There’s no more beautiful place and time, he believes, than a golf course in the long shadows of a late afternoon.
But he’s done. At least for a while, maybe a long while. It’s not the approach of winter that’s shutting him down. It’s his game, his “game,” and he puts quote marks around it because he knows that anybody with any knowledge of golf would have to say he’s got no “game.”
I
t’s not always all bad, but it’s never all good.
On a day when his short game’s working, he’s chipping it close and one-putting … for 6s and 7s. When he’s decent off the tee, he can’t hit a green to save his life.
His swing flaws are classic. He’s over the top, outside-in, a weak and wild chicken-winging caster. He’s a chunker when he’s not a skuller, a slicer when he’s not a hooker. He’s stuck, he’s blocking, he’s messed up … in ways he’s not even sure he’s using the right words to describe.
When he manages a good shoulder turn, he forgets to turn his lower body back to the ball. If he stays in his posture, like he knows he should, he’s stiff and jerky and snappy. When he tries to “just swing easy,” he forgets to swing the club at all.
He’s got too many swing thoughts and not enough focus. He’s not having any fun.
Golf is the damnedest game, and he has the damnedest time playing it. He’s quit the game for good too many times to count ... always, remarkably, one less time than he’s picked it up again.
Now, he’s not quitting the game. He’s just putting it aside … getting his life and priorities and sagging physique back in order. He’ll be back to the golf course … in February, maybe, or March.
When he returns, he vows, he’ll have a new, practiced golf swing, a freshened attitude, a fabulous love life and untold riches.
He’d settle for the new golf swing.
To get there, he’s first going to put his golf bag in the shed and leave it there. He’s going to work out, on the theory that a stronger body builds stronger and better habits. He’s going to do strength training, cardio, maybe even yoga.
He’s not going to touch a golf club until he’s ready to face the music with a teaching pro.
He’s been to pros before … at least a half-dozen. All nice people, and he’s gotten something of value from each of them … the super-fluid whoosh-before-the-ball turn-around-your-torso firm-wrist stuff that ought to stick to him.
If they saw him now, what could they say but, “Have I taught you nothing?” That’s why he might pick a teacher he’s never had before, a guy with no history of failure at fixing his particular swing.

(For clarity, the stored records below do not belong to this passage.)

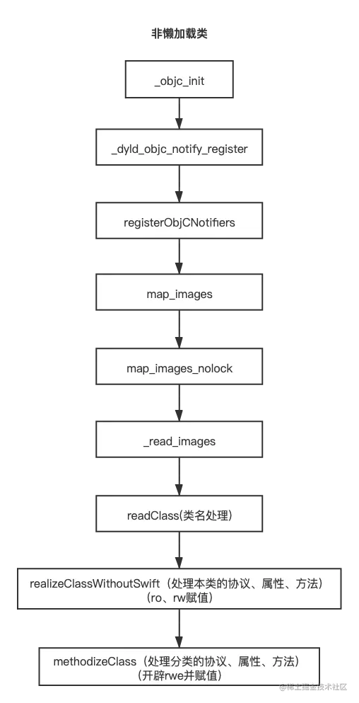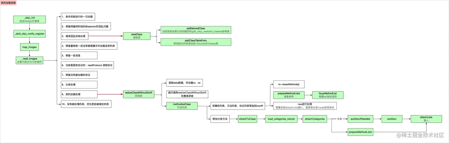 作用就是将Mach-O中的类读取到内存,即插入表中,但是目前的类仅有两个信息:地址以及名称,而mach-O的其中的data数据还未读取出来- 类的加载处理详细解读(上文第9步)
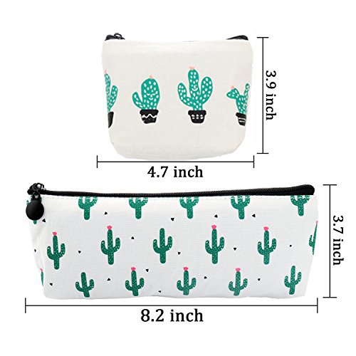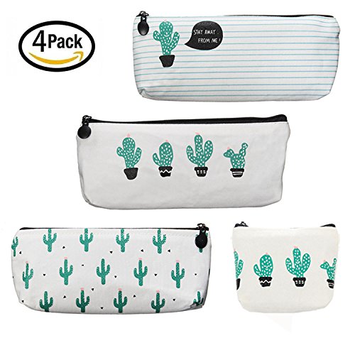 Set of 4 Bingolar Pencil Case Canvas Student Pen Pencil Case Coin Purse Pouch Cosmetic Makeup Bag Cactus Pastoral Bandage Canvas Pencil Case with a Coin Purse Pencil Pen Case.
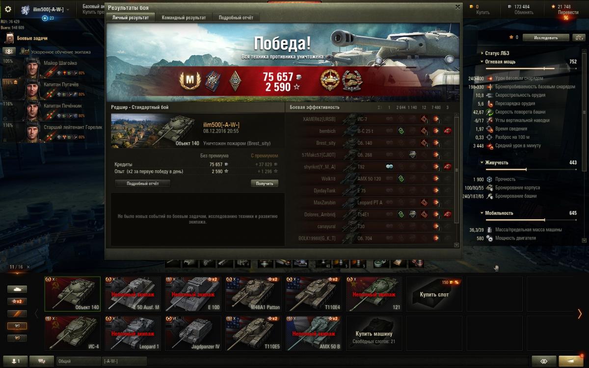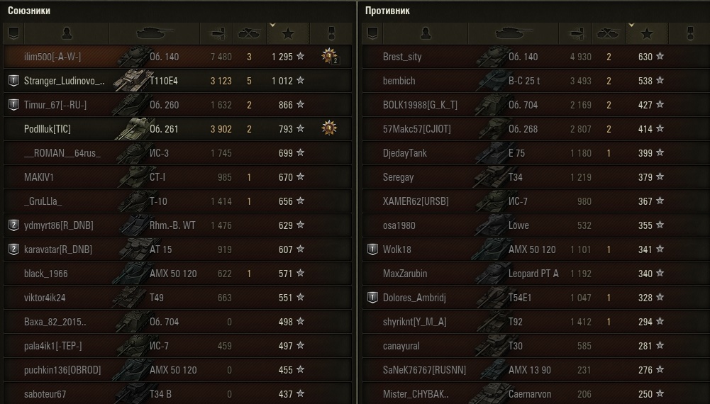 и того под 6 лвл желательно иметь т37 и т150, под 8 лвл ИС-3 и т54обл, под 10 лвл бат(правда я не умею на нем играть, а они иногда решают бои, поэтому ни одного боя на бате ни на ГК ни в обсе не проехал), об140 и т110е5. Вот это фактически основа и костяк нужный для ГК. Если же просто вылазки идут, средние, чемп и абс. вылазки (они же ротки) там берут все что угодно, для фарма берут прем технику 6 и 8 уровня, под 10ки уже по разному, там и баты, там и т62/об907, там и об260, массы и массы, чуть ли не звезды народ моет, только не в рандоме. :)
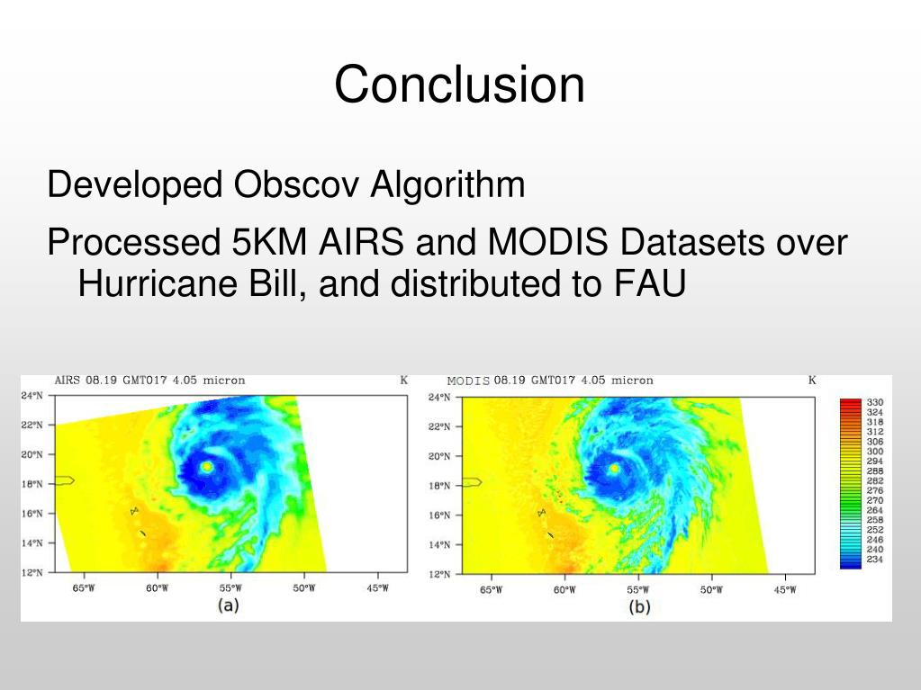 Conclusion Developed Obscov Algorithm Processed 5KM AIRS and MODIS Datasets over Hurricane Bill, and distributed to FAU

And he’ll practice. He’ll He’s going to practice correctly. He’ll work on his short game more than his long game, on putting more than pounding balls.
When he finally steps up to a tee box for a real round of golf, in February, maybe March, he’ll be calm, serene, cool and composed, because he’ll have a new game. All the rest of the pieces of his life will fall right into place.
And a golf course in the late afternoon sun will still be a fine place to be.